# Given material:
☆ ☆ ☆ ☆ ☆
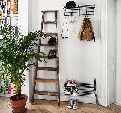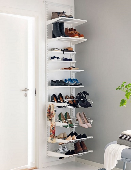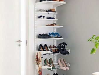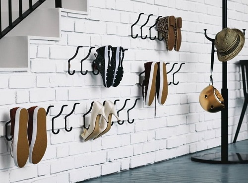 - Si vous êtes propriétaire, les étagères à chaussures peuvent être visser directement au mur. Ils libéreront de l'espace dans le couloir et auront l'air assez élégant. L'étagère la plus basse est installée pas haut du sol, les suivantes - à une petite distance égale les unes des autres.
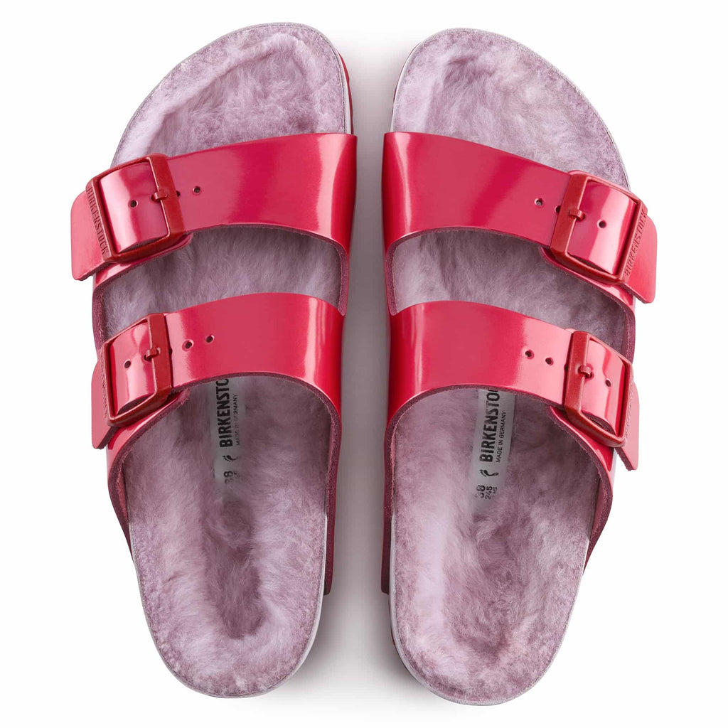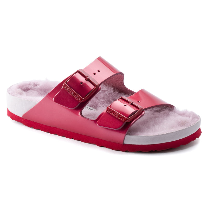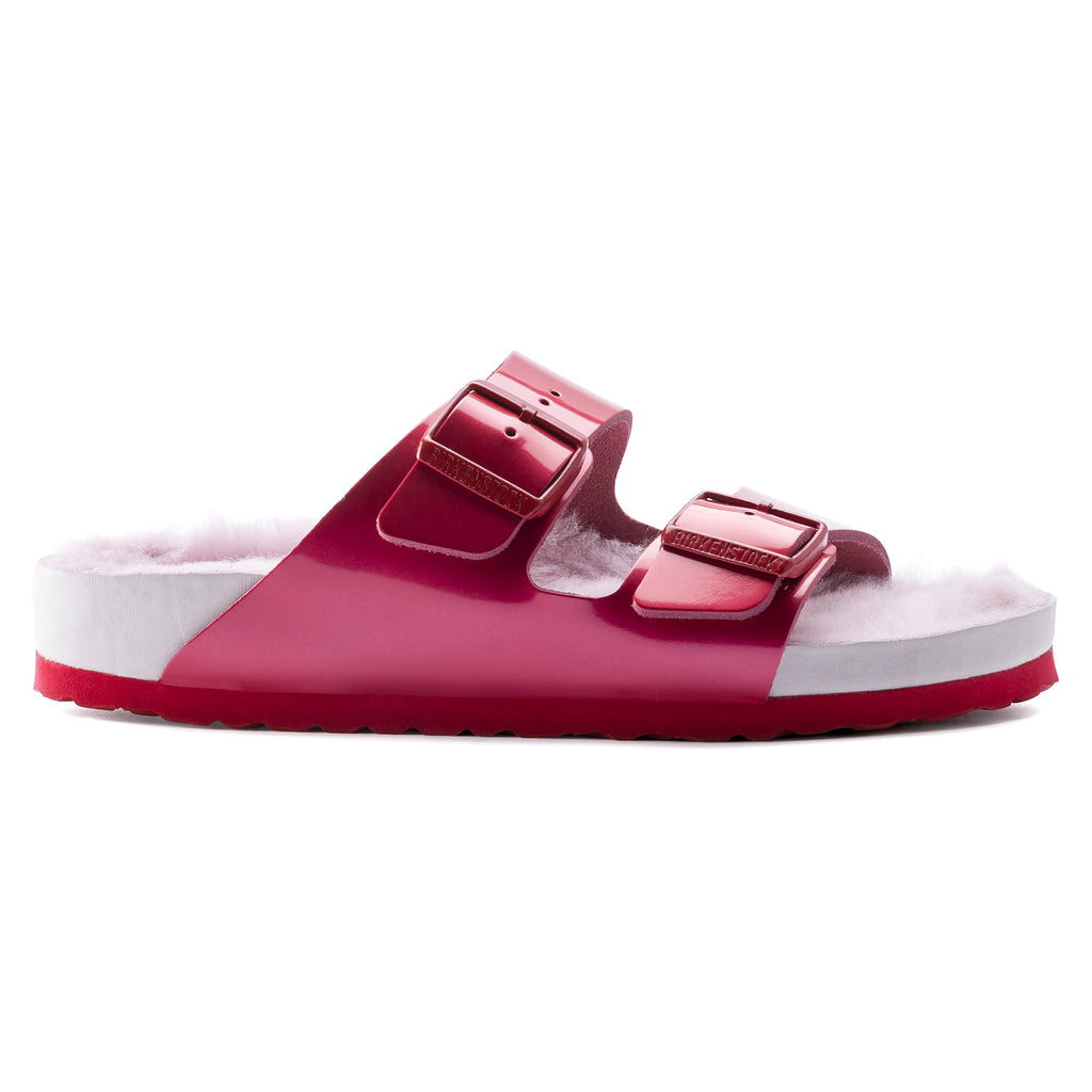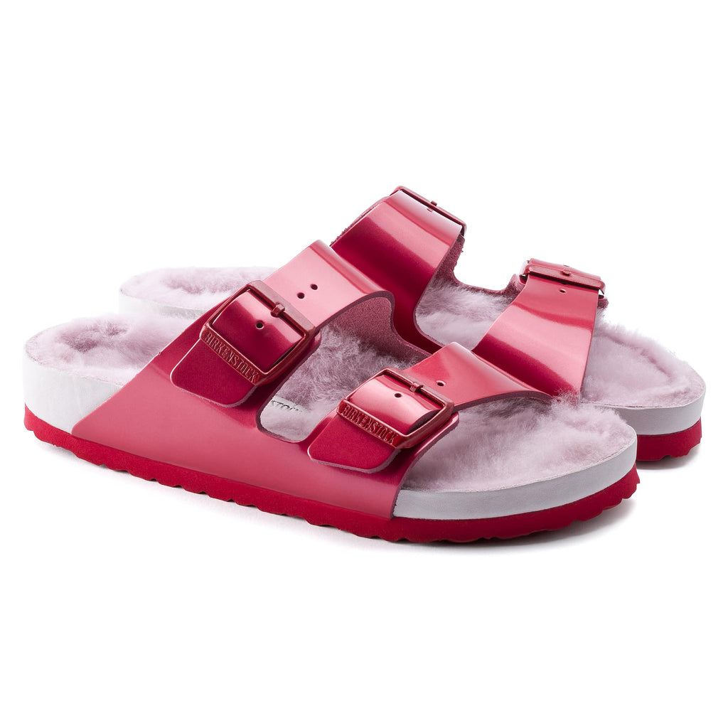 The legendary two-strap design from BIRKENSTOCK - the Arizona. Iconic style complemented with the signature comfort of the BIRKENSTOCK footbed. Special for Valentine's Day, shown in aniline leather with tone on tone outsole and colored shearling in sole.
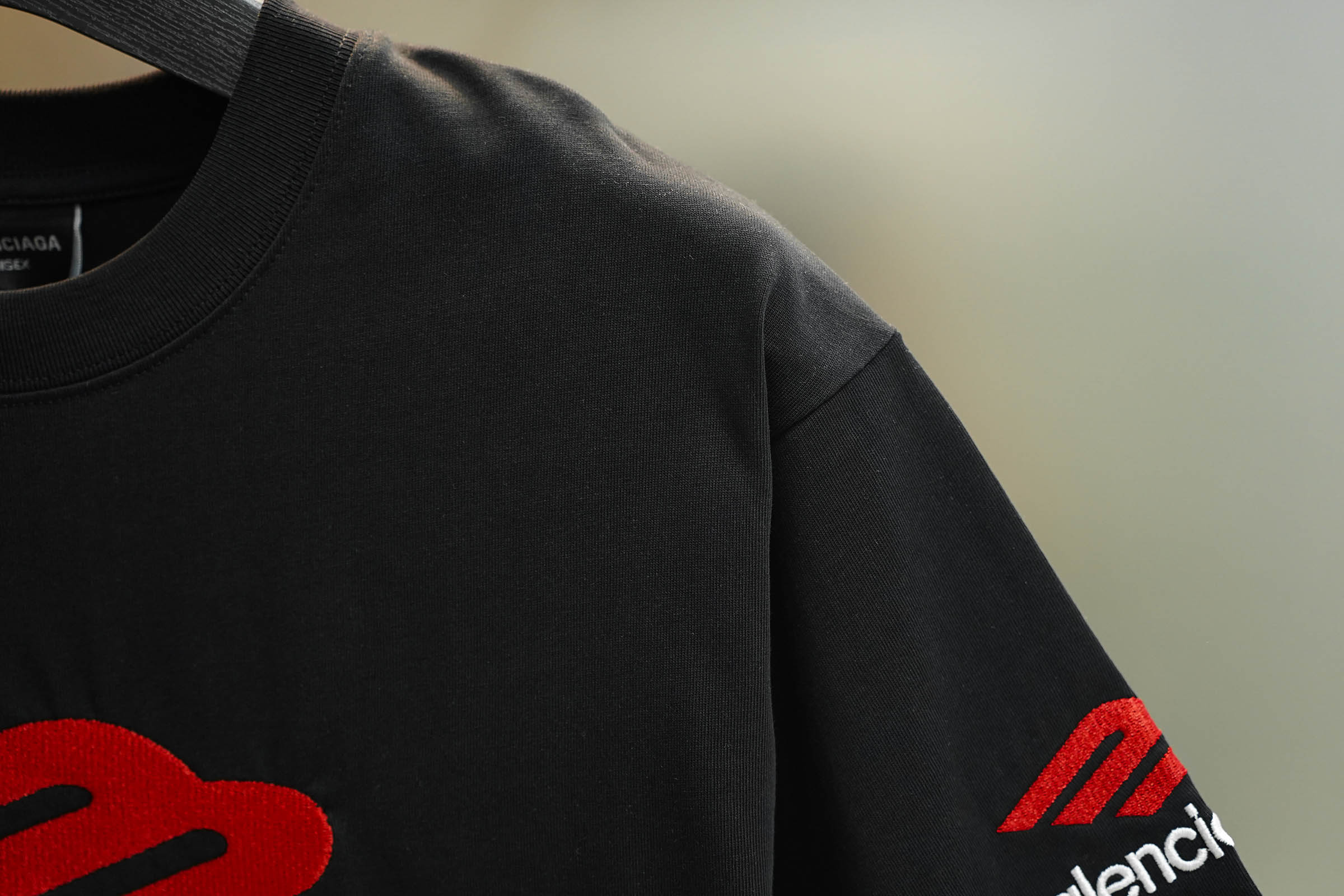 这款衣服是AAAAA 1:1 质量 (非常棒). 使用了和原版一模一样的材料. 商标部分也保持了和巴黎世家/Balenciaga一样. 图片拍摄是实物衣服拍摄, 您所收到的实物保证和我们图片一模一样.
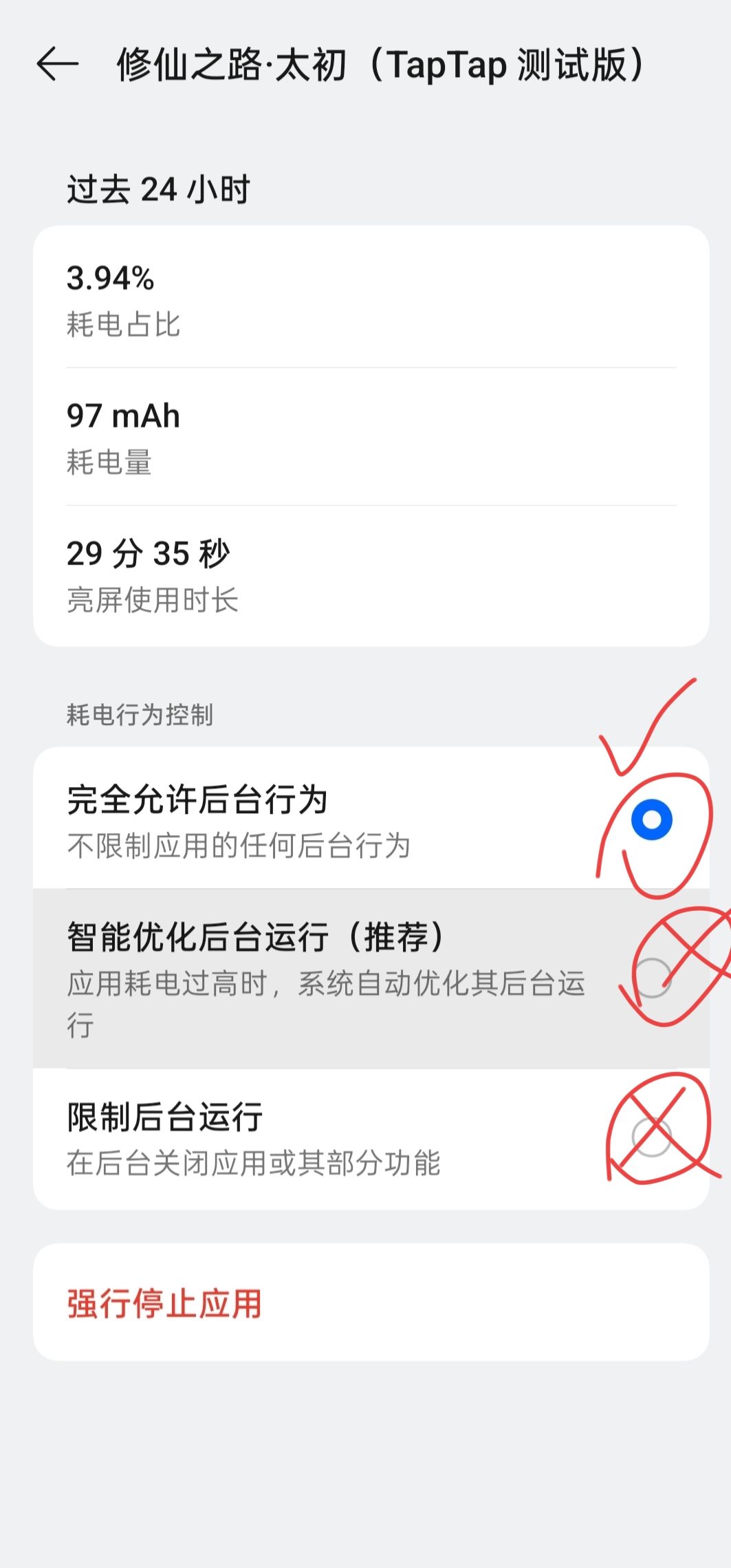 可能打X的开着 调到完全允许后台行为再试试 如果不行请联系修仙的萝卜可能不是这个问题
☆ ☆ ☆ ☆ ☆
# Exercise aim:
Print each line above exactly as it appears, excluding all images.

# Output for this exercise:
 - Si vous êtes propriétaire, les étagères à chaussures peuvent être visser directement au mur. Ils libéreront de l'espace dans le couloir et auront l'air assez élégant. L'étagère la plus basse est installée pas haut du sol, les suivantes - à une petite distance égale les unes des autres.
 The legendary two-strap design from BIRKENSTOCK - the Arizona. Iconic style complemented with the signature comfort of the BIRKENSTOCK footbed. Special for Valentine's Day, shown in aniline leather with tone on tone outsole and colored shearling in sole.
 这款衣服是AAAAA 1:1 质量 (非常棒). 使用了和原版一模一样的材料. 商标部分也保持了和巴黎世家/Balenciaga一样. 图片拍摄是实物衣服拍摄, 您所收到的实物保证和我们图片一模一样.
 可能打X的开着 调到完全允许后台行为再试试 如果不行请联系修仙的萝卜可能不是这个问题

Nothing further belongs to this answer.